The NeuRRAM neuromorphic chip. Image used courtesy of UCSD
In this article, we’ll discuss RRAM for compute-in-memory (CIM), the historical shortcomings of these solutions, and the group’s new "NeuRRAM" neuromorphic chip.
Resistive RAM for Compute in Memory
Within the past 30 years, designers have been investigating the idea of compute in memory—and more recently, compute in memory based on resistive RAM.
RRAM CIM removes the von Neumann bottleneck, a result of separate memory and compute, and instead merges them together. In this architecture, resistive RAM elements are used for memory storage, where binary digits are stored based on the resistive state of the RRAM material in each cell. Here, applying a voltage may cause the RRAM to become a highly resistant material, representing a digital 1 and vice versa. Reading out bits in memory is achieved by applying a voltage to the RRAM cell and reading out the resulting current, which will vary based on the state of the RRAM.
Example of multiplication using an RRAM CIM cell. Image used courtesy of SemiWiki
RRAM is an extremely power-efficient, small, and non-volatile form of memory. This architecture also fits very well in the context of artificial intelligence computation since machine learning computation relies heavily on multiply and accumulate functions that can be easily implemented with RRAM. Since sensing currents enable RRAM results to be read out, one can easily add and multiply RRAM values by summing currents in a junction or a series of junctions.
The Shortcomings of RRAM CIM
Despite the benefits of RRAM CIM, the research and development of this technology have still been fraught with obstacles.
For one, much of the early research focused on performing the AI computation on the RRAM chip but still relied on off-chip resources to perform other essential functions such as analog-to-digital conversion and neuron activations. Not only did this limit system performance but it also skewed benchmarking. Historically, results were based on software emulation of device characteristics, which are almost always optimistic.
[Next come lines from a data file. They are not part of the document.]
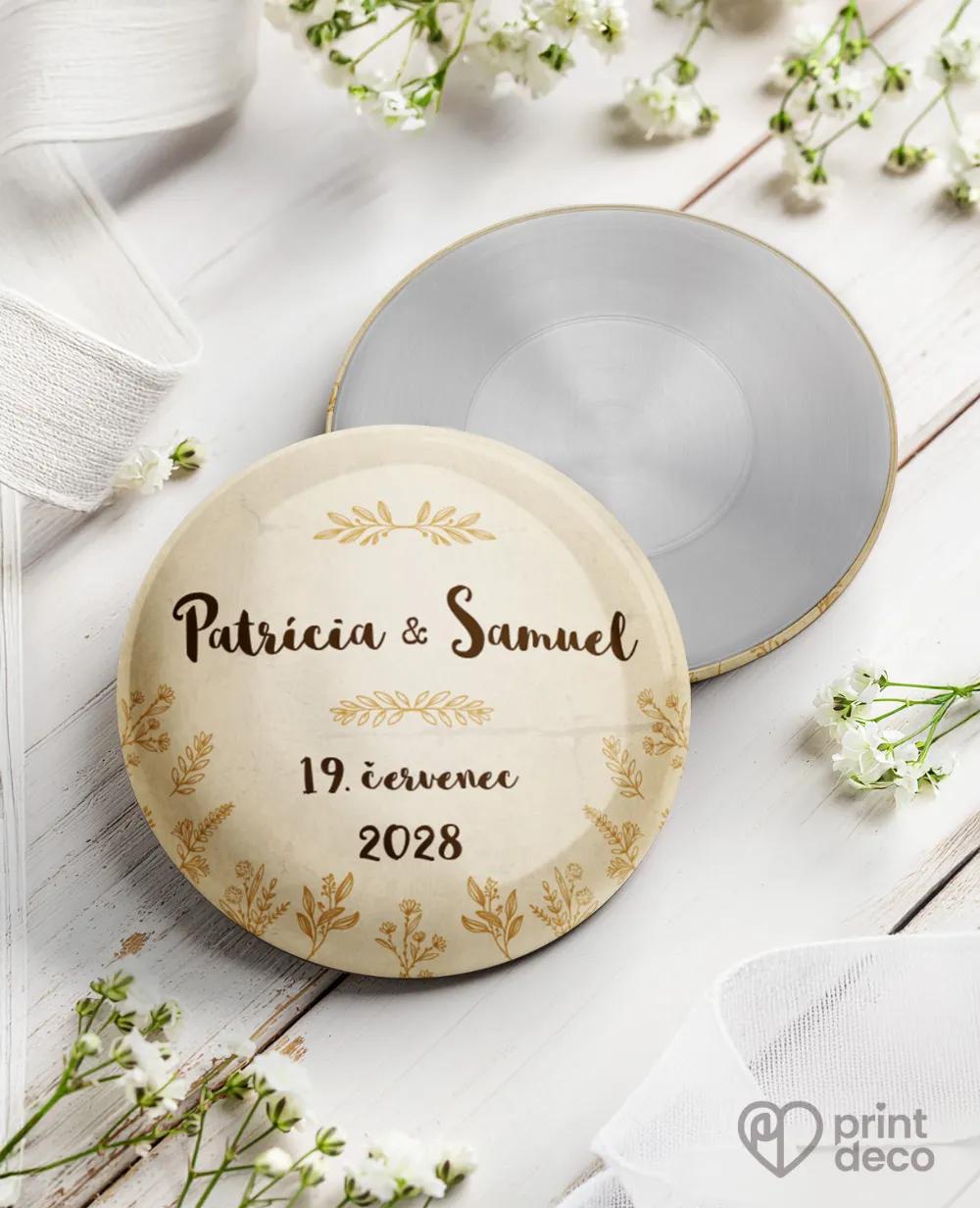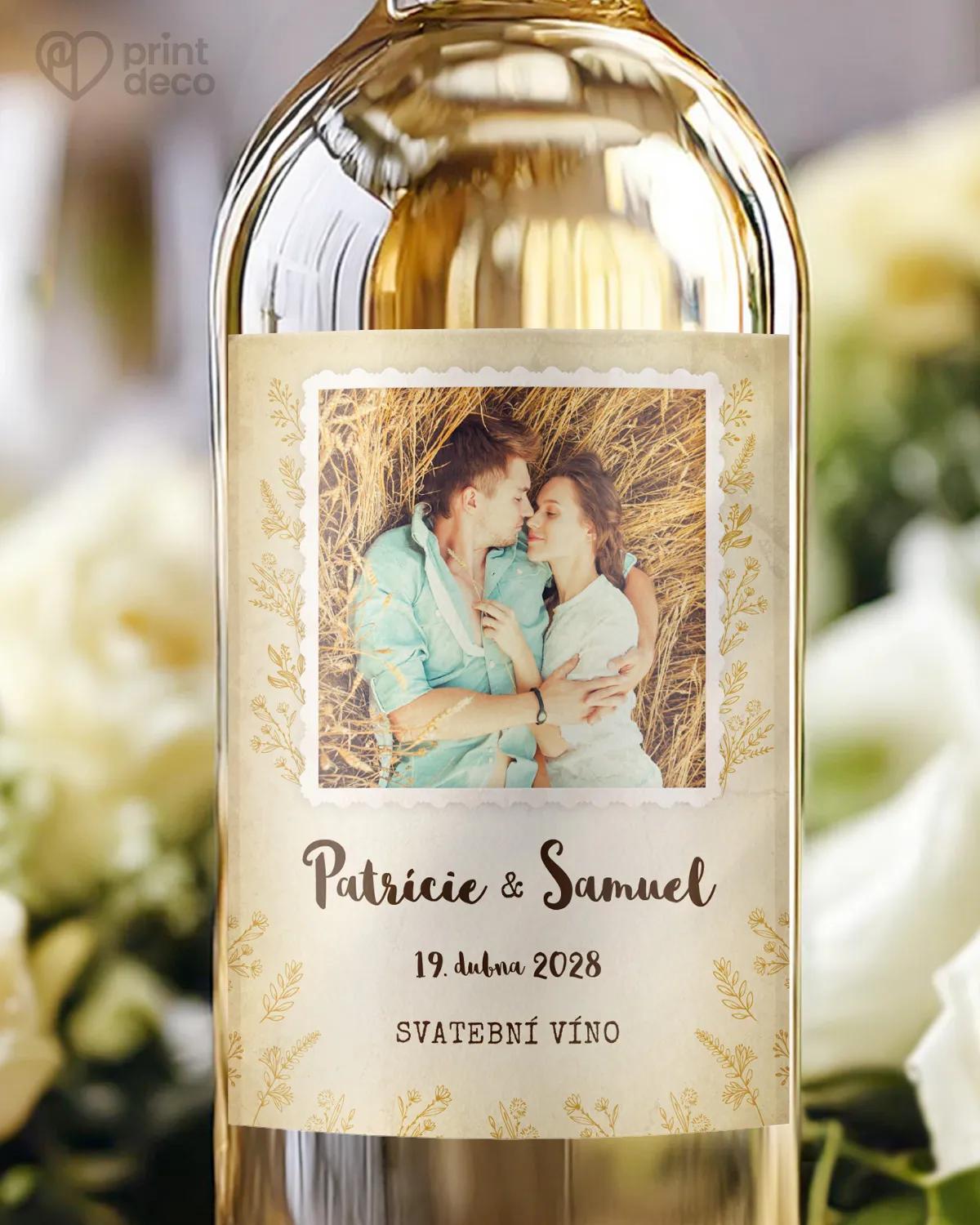 Romantická vintage etiketa na svatební víno s něžným motivem lučních květů a teplým přírodním pozadím dodá lahvím šarm venkovského stylu. Vynikne na svatebním stole i jako milá vzpomínka pro hosty. Text si upravíte jednoduše online zdarma a vaše objednávka bude vyrobena expresně. Vytvořte si dokonalou sadu pro svůj den a potěšte hosty krásným detailem.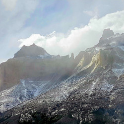 The Torres del Pain is full of colours and moods. Each section of the trek offers another version of wilderness: jagged peaks, intensely blue glaciers, forests and wild flowers, turquoise lagoons, tumultuous rivers swollen with the rain, driving mist and shafts of sunlight; It is spectacularly beautiful. As I walked up towards Camp Italiano, a huge swathe of white cloud skimmed steadily over the surface over the Lago Skottsberg, sweeping in like a tidal wave. It was a strange sight which I appeared to be sharing with absolutely no-one. Despite there being many hikers doing the W-trek, I found myself in perfect solitude for much of it.Â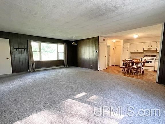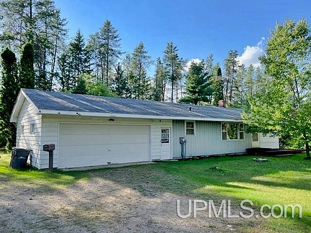 Want to own property in the Northwoods? Here is a country setting for this affordable 2 BR, 1 BA home on 1+ wooded acres for you to enjoy! Features an open concept kitchen/living room area with a spacious layout. Full basement with a walk-out entrance to the att. 2 car garage. GFA furnace in 2015, central air in 2016, and new carpet in 2017. Portable carport for extra storage. Situated on 1.33 acres and located just a short commute to town for amenities. A perfect location too with ATV & snowmobile trail access

Beyond this, there are inherent tradeoffs between energy efficiency, versatility, and accuracy within an RRAM CIM device. According to a group of researchers from the University of California San Diego (UCSD), Stanford University, Tsinghua University, and the University of Notre Dame, no previous research has ever attempted to simultaneously optimize for all three criteria.
NeuRRAM Hits on Efficiency, Accuracy, Flexibility
This week, those researchers from UCSD, Stanford, Tsinghua, and Notre Dame published a report in Nature describing an RRAM CIM chip they call NeuRRAM.
The NeuRRAM neuromorphic chip is said to achieve a combination of efficiency, accuracy, and flexibility thanks to an output sensing method it employs. Compared to conventional techniques that read out current for an output, NeuRRAM uses a neuron circuit that senses voltages and performs efficient analog-to-digital conversion all on-chip.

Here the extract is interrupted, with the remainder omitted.